The Death of Ivan Ilyich by Leo Tolstoy
Bantam Classic edition published June 1981
Bantam reissue edition / May 2004
Genre: Fiction, philosophy
Synopsis from my paperback edition
“Hailed as one of the world’s supreme masterpieces on the subject of death and dying, The Death of Ivan Ilyich is the story of a worldly careerist, a high court judge who has never given the inevitability of his dying so much as a passing thought. But one day death announces itself to him, and to his shocked surprise he is brought face-to-face with his own mortality. How, Tolstoy asks, does an unreflective man confront his one and only moment of truth?
This short novel was the artistic culmination of a profound spiritual crisis in Tolstoy’s life, a nine-year period following the publication of Anna Karenina during which he wrote not a word of fiction. A thoroughly absorbing and at times terrifying glimpse into the abyss of death, it is also a strong testament to the possibility of finding spiritual salvation.”
After reading Anna Karenina a while – maybe around two years – ago, I’ve wanted to read more literary classics and also more of Tolstoy’s work. Although I first read some other works from other classical authors, I finally decided to give The Death of Ivan Ilyich a go.
The subject of the book – death and dying – may not be the easiest or most comfortable subject, but I was interested to see what Tolstoy made of it. To see how a man, who had never even so much as thought about dying, found out about his near end and how he dealt with it sounded like a deep, melancholic, and interesting story to me. And, after all, there is always a lesson about life in stories about death, isn’t there?
Although I had already supposed that the book would be a little different from what I expected – length-wise and also considering the style of writing – I was surprised to find that it, in my opinion, differed a lot from what I had hoped to find. I had hoped that The Death of Ivan Ilyich would be quite similar to Anna Karenina, at least in terms of the style of writing as well as in terms of the description of the characters. Yet, although the main character is described rather well and closely, there were many things I missed within this book. For me it could have been slightly longer and in some cases a bit more detailed.
All in all, The Death of Ivan Ilyich is an interesting book which takes you on the journey of a dying man. There might have been many things missing – at least for me – and the style of writing might have not been my favourite, but in the end the story is somewhat captivating, even if you already know how the book will end.
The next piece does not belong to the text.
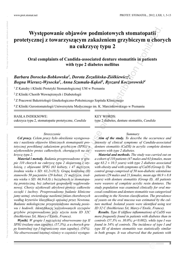 ed . Występowanie objawów podmiotowych stomatopatii protetycznej z towarzyszącym zakażeniem grzybiczym u chorych na cukrzycę typu 2 tio np roh ibit - PROTET. STOMATOL., 2012, LXII, 1, 5-13 Oral complaints of Candida-associated denture stomatitis in patients with type 2 diabetes mellitus Katedry i Kliniki Protetyki Stomatologicznej UM w Poznaniu 2Z Kliniki Chorób Wewnętrznych i Diabetologii 3Z Pracowni Baketriologii Ginekologiczno-Położniczego Szpitala Klinicznego 4Z Kliniki Gerostomatologii Uniwersytetu Medycznego im. K. Marcinkowskiego w Poznaniu -d istr 1Z KEY WORDS: type 2 diabetes, denture stomatitis, Candida Summary Aim of the study. To describe the occurrence and intensity of clinical symptoms of Candida-associated denture stomatitis (CaDS) in acrylic complete denture wearers with type 2 diabetes. Material and methods. The study was carried out on a cohort of 110 patients (47 males and 63 females, mean age 63.2 ± 10.5 years) with type 2 diabetes associated with obesity and with symptoms of CaDS (Group I). The control group comprised of 50 non-diabetic edentulous patients (29 males and 21 females, mean age 66.9 ± 8.8 years) with denture stomatitis (Group II). All patients were wearers of complete acrylic resin dentures. The study population was examined clinically for oral mucosal conditions and denture stomatitis was categorized according to the Newton classification. The prevalence of yeasts on the oral mucosa was estimated by the culture method. Isolated yeasts were identified using test ID 32 C (bioMerieux SA, Marcy-l’Etoile, France). Results. Type II (diffuse inflammation) of CaDS was more frequently found in patients with diabetes than in controls (57.3% vs. 30.0%; p<0.002), while type I was found in 54% of controls. The incidence of type I and type III of denture stomatitis was statistically similar in both groups. It was observed that the patients with is c op y is for pe rs on al us Streszczenie Cel pracy. Celem pracy było określenie występowania i nasilenia objawów klinicznych stomatopatii protetycznej powikłanej zakażeniem grzybiczym (SPIG) u użytkowników protez całkowitych, chorujących na cukrzycę typu 2. Materiał i metody. Badania przeprowadzono w grupie 110 chorych na cukrzycę typu 2 skojarzoną z otyłością, z objawami SPIG (63 kobiety, i 47 mężczyzn, średnia wieku ± SD: 63,2±10,5). Grupę kontrolną (II) stanowiło 50 pacjentów (29 kobiet, 21 mężczyzn, średnia wieku ± SD: 66,9±8,8) z bezzębnych ze stomatopatią protetyczną, bez zaburzeń gospodarki węglowodanowej. Chorzy użytkowali akrylowe protezy całkowite szczęki i żuchwy. Przeprowadzono badanie kliniczne jamy ustnej. stwierdzając nasilenie zmian chorobowych według kryteriów klasyfikacji opisanej przez Newtona. Badanie mikologiczne przeprowadzono metodą posiewu i hodowli. Identyfikację wyizolowanych szczepów grzybów przeprowadzono przy użyciu testu ID 32C (bioMerieux SA, Marcy-l’Etoile, France). Wyniki. W grupie I najczęściej obserwowano typ II SPIG (rozlany stan zapalny), (57,3%), a u chorych grupy kontrolnej typ I (ograniczony stan zapalny), (54%). Nie obserwowano istotnej różnicy w częstości występo- eo nly HASŁA INDEKSOWE: cukrzyca typu 2, stomatopatie protetyczne, Candida Th This copy is for personal use only - distribution prohibited. This copy is for personal use only - distribution prohibited. - ibu Barbara Dorocka-Bobkowska1, Dorota Zozulińska-Ziółkiewicz2, Bogna Wierusz-Wysocka2, Anna Szumała-Kąkol3, Ryszard Koczorowski4 - This copy is for personal use only - distribution prohibited. - This copy is for personal use only - distribution prohibited. www.prot.stomat.net 5 eo nly -d istr ibu tio np roh ibit ed . diabetes were more likely to report oral complaints of CaDS compared with controls (60.9% vs. 24.0%; p<0.001). Burning sensation in the mouth was the most frequent complaint of denture stomatitis in both groups, (51.8% vs. 24.0%; p<0.001). Dryness of the oral mucosa was found to be more frequent in the persons with diabetes (50.9% vs. 6.0%; p<0.001). Additionally, the diabetic patients manifested a significantly greater prevalence of angular cheilitis, (26.4% vs. 8.0%; p<0.01) and glossitis, (27.3% vs. 6.0%; p<0.003). This study indicates that in all diabetic patients denture stomatitis was associated with Candida colonization, (100% vs. 50%; p<0.001). Conclusion. In patients with type 2 diabetes denture stomatitis is more severe and more frequently associated with Candida infection. Diabetic patients show an increased severity of subjective oral complaints, of which burning mouth sensation is most common. al us wania stomatopatii typu III (zapalenie przerostowe) w obu badanych grupach (12,7% vs 16%; NS). Stwierdzono częstsze występowanie objawów podmiotowych stomatopatii u chorych na cukrzycę w porównaniu z grupą kontrolną (60,9% vs 24%; p<0,001). Najczęściej zgłaszanym objawem podmiotowym u chorych w obu badanych grupach było pieczenie błony śluzowej jamy ustnej, przy czym objaw ten występował znacząco częściej u chorych na cukrzycę (51,8% vs 24%; p<0,002). W grupie badanej stwierdzono również znacząco więcej przypadków stomatopatii z objawem suchości błony śluzowej jamy ustnej w porównaniu z grupą kontrolną (50,9% vs 6%; p<0,001). Stwierdzono, iż u chorych grupy I znacząco częściej obserwuje się występowanie objawów towarzyszących stomatopatii: zapalenie kątów ust (26,4% vs 8%; p<0,01), zapalenie języka (27,3% vs 6%; p<0,003). Zakażenie grzybicze występowało znamiennie częściej w przebiegu stomatopatii protetycznej u chorych na cukrzycę w porównaniu z grupą kontrolną, (100% vs 50%; p<0,001). Wnioski. Stomatopatie protetyczne u chorych na cukrzycę typu 2 charakteryzują się cięższym klinicznie przebiegiem i są one częściej powikłane zakażeniem grzybiczym. Stwierdza się nasilenie dolegliwości subiektywnych stomatopatii protetycznej, a pieczenie błony śluzowej jamy ustnej

Tolstoy did a good job describing how the main character feels in his last months on Earth. Still, although it would have been plausible or at least understandable to feel truly sorry for Ivan Ilyich, it was rather difficult to feel any kind of empathy towards him – partly because of the character itself, but also because of the style of writing. The book wouldn’t be the first one I would recommend if somebody asked me for any kind of advice on what he or she should be reading next, but I also wouldn’t stop anybody from reading it.